SIGNIFICANCE AND USE
5.1 This guide provides guidance to persons managing or responsible for designing sampling and analytical plans for determining whether sample compositing may assist in more efficiently meeting study objectives. Samples must be composited properly, or useful information on contamination distribution and sample variance may be lost.  
5.2 The procedures described for mixing samples and obtaining a representative subsample are broadly applicable to waste sampling where it is desired to transport a reduced amount of material to the laboratory. The mixing and subsampling sections provide guidance to persons preparing sampling and analytical plans and field personnel.  
5.3 While this guide generally focuses on solid materials, the attributes and limitations of composite sampling apply equally to static liquid samples.
SCOPE
1.1 Compositing and subsampling are key links in the chain of sampling and analytical events that must be performed in compliance with project objectives and instructions to ensure that the resulting data are representative. This guide discusses the advantages and appropriate use of composite sampling, field procedures and techniques to mix the composite sample, and procedures to collect an unbiased and precise subsample(s) from a larger sample. It discusses the advantages and limitations of using composite samples in designing sampling plans for characterization of wastes (mainly solid) and potentially contaminated media. This guide assumes that an appropriate sampling device is selected to collect an unbiased sample.  

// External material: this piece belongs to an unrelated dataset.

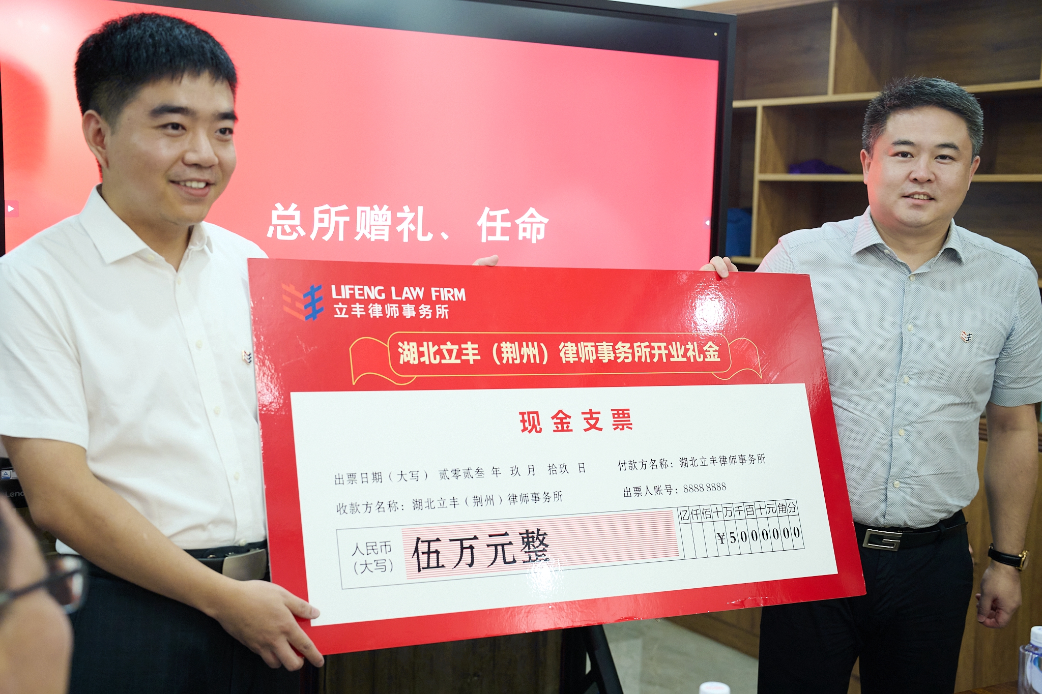 嘉宾致辞后,湖北立丰律师事务所主任刘勋对荆州分所主任何维笛、副主任李诚颁发任命书,并对立丰荆州分所赠予开业基金及礼品。

1.2 The guide does not address: where samples should be collected (depends on the objectives) (see Guide D6044), selection of sampling equipment, bias introduced by selection of inappropriate sampling equipment, sample collection procedures or collection of a representative specimen from a sample, or statistical interpretation of resultant data and devices designed to dynamically sample process waste streams. It also does not provide sufficient information to statistically design an optimized sampling plan, or determine the number of samples to collect or calculate the optimum number of samples to composite to achieve specified data quality objectives (see Practice D5792). Standard procedures for planning waste sampling activities are addressed in Guide D4687.  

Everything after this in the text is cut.